In-App Purchase Scams in the App Store

Great investigative piece by Johnny Lin looking into a top-10 highest grossing app named “Mobile protection :Clean & Security VPN” (punctuation and grammatical errors sic), from a developer named Ngan Vo Thi Thuy:

“Full Virus, Malware scanner”: What? I’m pretty sure it’s impossible for any app to scan my iPhone for viruses or malware, since third party apps are sandboxed to their own data, but let’s keep reading…

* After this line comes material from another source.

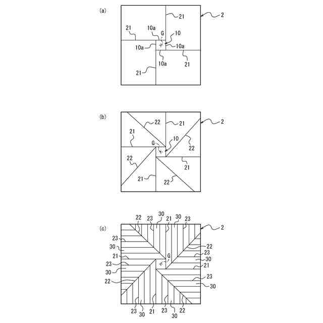 前記周方向に隣り合う一対の前記第1折曲げ部の間に1本の前記第2折曲げ部のみが設けられている場合には、それぞれの前記第1折曲げ部と前記第2折曲げ部との間に設けられて前記第1折曲げ部と前記第2折曲げ部との交点から前記第1折曲げ部と前記第2折曲げ部との間の角度を等分するように前記第3折曲げ部にまで延び、前記周方向に隣り合う一対の前記第1折曲げ部の間に複数本の前記第2折曲げ部が設けられている場合には、それぞれの前記第1折曲げ部と前記第2折曲げ部との間においては前記第1折曲げ部と前記第2折曲げ部との交点から前記第1折曲げ部と前記第2折曲げ部との間の角度を等分するように前記第3折曲げ部にまで延び、隣り合う一対の前記第2折曲げ部の間においては隣り合う一対の前記第2折曲げ部の交点から隣り合う一対の前記第2折曲げ部の間の角度を等分するように前記第3折曲げ部にまで延びる複数本の第4折曲げ部と、

“You will pay $99.99 for a 7-day subscription”

Uhh… come again?

There should be no “virus and malware” scanners in the App Store. None. iOS does not need anti-virus software. The App Store sandboxing rules mean that anti-virus software couldn’t really do anything useful anyway. And by allowing them to be listed on the store, it creates the false impression that Apple thinks you might need anti-virus software.

But do-nothing anti-virus utilities that are scamming people into $100/week subscriptions? That’s downright criminal.

Lin shows that “Mobile protection :Clean & Security VPN” is not alone. The productivity top-grossing list is riddled with similar scam apps.

Given how many legitimate developers are still having problems getting their apps approved due to seemingly capricious App Store reviewer decisions, it’s doubly outrageous that these apps have made their way onto the store in the first place. These are the exact sort of apps that the App Store review process should be primarily looking to block.

And there is no excuse for Apple not having flagged them after the fact, once they started generating significant revenue. It’s downright mind boggling that this horrendous “Mobile protection :Clean & Security VPN” app made it all the way into the top 10 without getting flagged.

Based on Lin’s research, the pattern is simple:

  1. Create a scammy utility app and get it into the store. Make it a free download with an expensive in-app subscription.
  2. Bid on common keywords like “virus”, “VPN”, and “wi-fi”.
  3. Get tens of thousands of downloads thanks to the top-of-results placement from the ad.
  4. Spring the in-app subscription prompt on your users and make money with a response rate of even just a fraction of 1 percent.

Apple needs to remove these apps from the App Store, and prevent such apps from getting into the store in the first place. They should reconsider the effects of allowing developers to buy their way to the top spot in search results. And they should police the top-grossing lists for apps that are pulling scams — the most important scams to catch are the successful ones.

Lastly, every single dollar these apps have generated should be refunded to the victims of these scams.